Sadat OKs talks revival

President Anwar Sadat -- agreeing in principle to restart Palestinian autonomy talks while launching a heralded war on poverty at home -- seems to have opted for the mere illusion of motion on two dangerous and intractable crises.

In the short run, the Egyptian President's marathon address to Parliament here May 14 would seem good news for the Carter administration in Washington. The American President has more than a few problems of his own. Thus, Mr. Sadat's May 8 decision to call a "suspension" of the stalled, US- mediated negotiations was the last thing Mr. Carter needed.

And in the short run, Mr. Sadat's four-hour speech also seems good news for Egyptians. Minimum wages are to go up, prices on essential commodities are decreed downward. All this is effective "tomorrow," said Mr. Sadat, or on May 15.

But in the longer run, things look a lot less bright for everyone concerned -- including President Sadat, Washington's chief Arab ally.

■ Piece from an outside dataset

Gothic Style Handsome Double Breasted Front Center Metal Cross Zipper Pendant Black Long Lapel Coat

Mr. Sadat's speech, which followed a Cabinet reshuffle in effect making him prime minister as well as President, was clearly prompted by concern over lack of visible progress in calming Egypt's two main crisis fronts: autonomy and the economy.

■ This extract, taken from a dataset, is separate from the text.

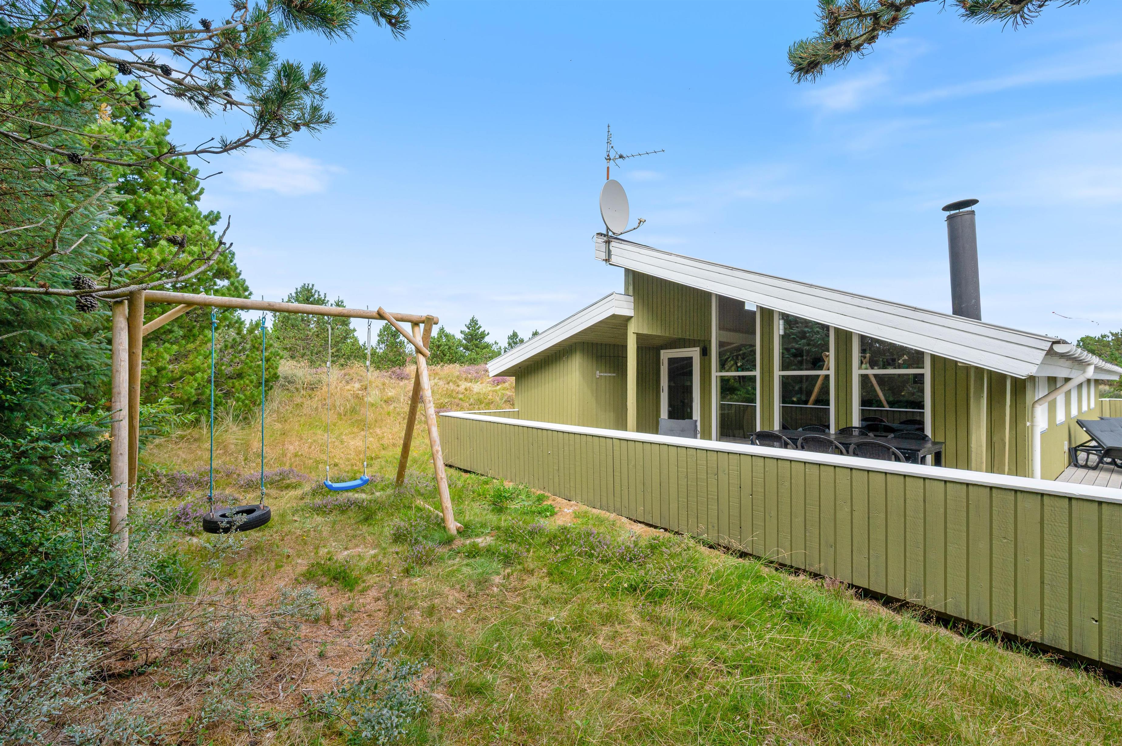 Feriehuset ligger på en dejlig naturgrund i Bjerregård. Grunden er delvist afskærmet af buske og træer, så her har I et dejligt grønt område, som I uforstyrret kan nyde. Også børnene vil hygge sig her, da de finder både gynge og sandkasse

Such concern is justified. The Egyptian food riots of three years ago are ample proof that empty stomachs can be dangerous, potentially more so amid the rising economic expectations fed by peace with Israel.

And if the autonomy talks are of less immediate interest to most of Mr. Sadat's 42 million compatriots, the stalemate could provide ammunition for increasingly visible opposition to the regime by Muslim fundamentalists.

The autonomy impasse also has served to fuel attacks on Mr. Sadat by hard-line neighbors and cement his isolation within the Arab world.

The Egyptian President, in his speech, went on the offensive against both the Muslim extremists and his Arab opponents. He said "activity of all societies and groups that propagate religious fanaticism" must stop -- particularly on university campuses, the Islamic activists' main center of support.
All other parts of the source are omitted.